--- ABOUT THIS TASK ---
Every line of the data below is to be duplicated exactly, pictures excepted.
=== RECORDED DATA ===
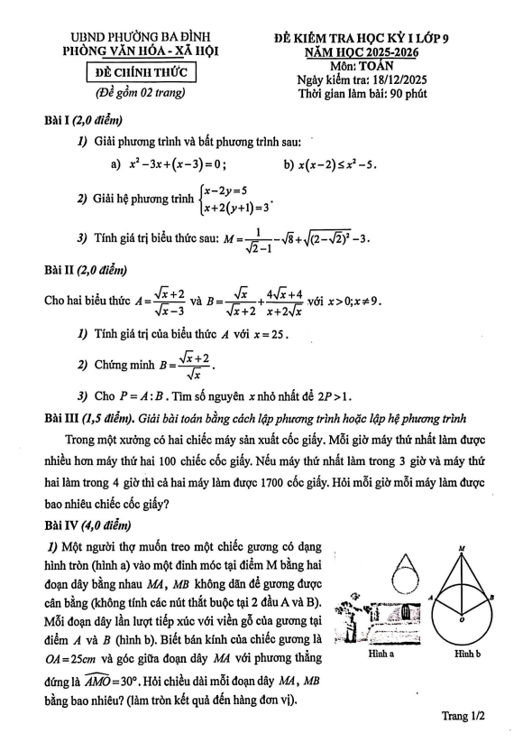 Đề học kỳ 1 Toán 9 năm 2025 – 2026 phường Ba Đình – Hà Nội 19/12/2025
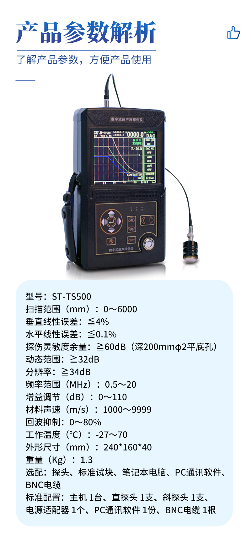 超聲波探傷儀器能夠便捷、準確地進行工件內部多種缺陷如裂紋、焊縫、氣孔、砂眼、夾雜、折疊等的檢測、定位、評估及診斷,廣泛應用于電力、石化、鍋爐壓力容器、鋼結構、航空航天、鐵路交通、汽車、機械等領域。它是無損檢測行業的儀器。主要功能● 自動校準探頭,不需要手動計算;● 利用標準試塊自動生成
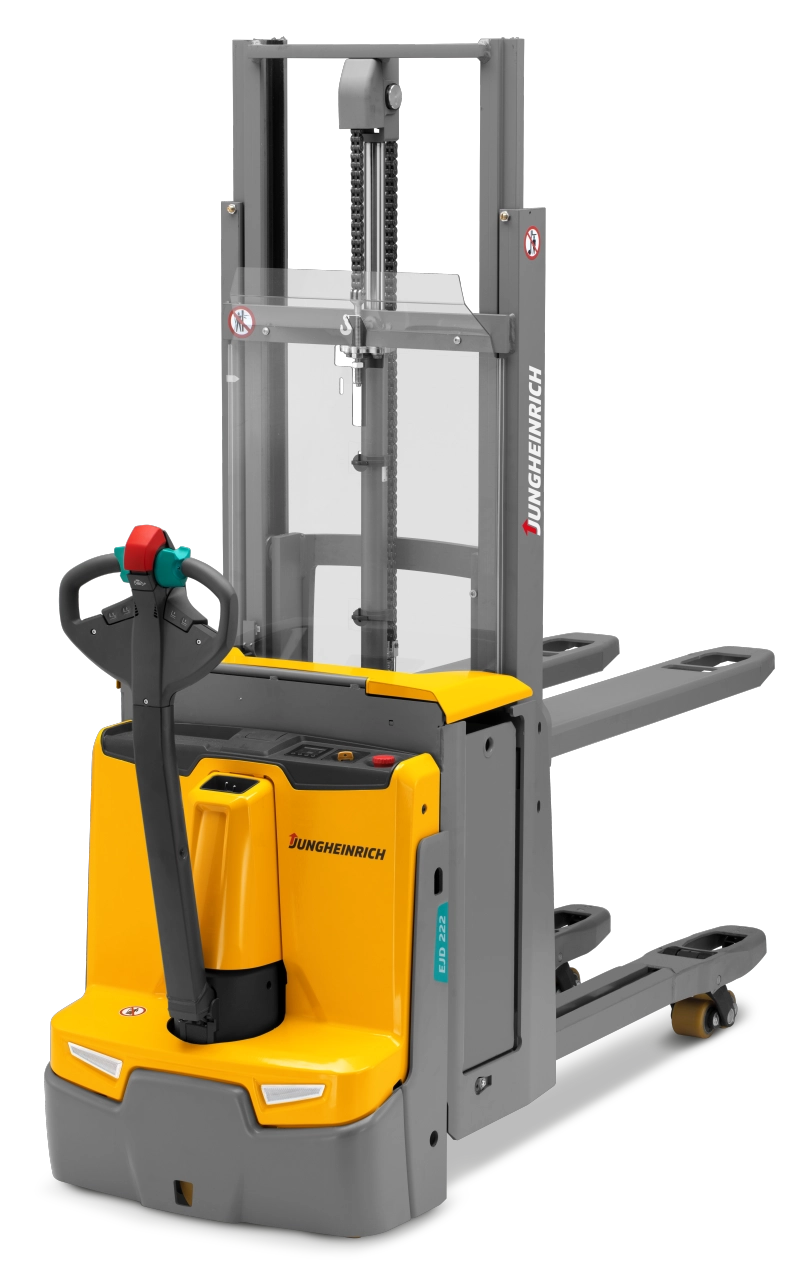 The versatile and compact EJD electric stacker truck is the perfect choice for the double-decker transport of goods on ramps and uneven floors, as well as stacking and retrieval at heights of up to 2,905 mm. This efficient truck combines stable handling with maximum manoeuvrability, even in confined warehouse conditions. By picking up two pallets at a time, the EJD works twice as fast as conventional trucks. Maximum occupational safety is ensured by intelligent assistance systems, a long safety tiller with 4-level foot protection, reflectors and optimum view of the fork tip. The modern 3-phase AC motor convinces with impressive endurance, high performance and optimum energy efficiency. A flexible choice of three travel programs and standard, sensitive proportional hydraulics for controlled lifting and lowering make comfortable working possible.
===
--- SOLUTION FOR THIS TASK ---
 Đề học kỳ 1 Toán 9 năm 2025 – 2026 phường Ba Đình – Hà Nội 19/12/2025
 超聲波探傷儀器能夠便捷、準確地進行工件內部多種缺陷如裂紋、焊縫、氣孔、砂眼、夾雜、折疊等的檢測、定位、評估及診斷,廣泛應用于電力、石化、鍋爐壓力容器、鋼結構、航空航天、鐵路交通、汽車、機械等領域。它是無損檢測行業的儀器。主要功能● 自動校準探頭,不需要手動計算;● 利用標準試塊自動生成
 The versatile and compact EJD electric stacker truck is the perfect choice for the double-decker transport of goods on ramps and uneven floors, as well as stacking and retrieval at heights of up to 2,905 mm. This efficient truck combines stable handling with maximum manoeuvrability, even in confined warehouse conditions. By picking up two pallets at a time, the EJD works twice as fast as conventional trucks. Maximum occupational safety is ensured by intelligent assistance systems, a long safety tiller with 4-level foot protection, reflectors and optimum view of the fork tip. The modern 3-phase AC motor convinces with impressive endurance, high performance and optimum energy efficiency. A flexible choice of three travel programs and standard, sensitive proportional hydraulics for controlled lifting and lowering make comfortable working possible.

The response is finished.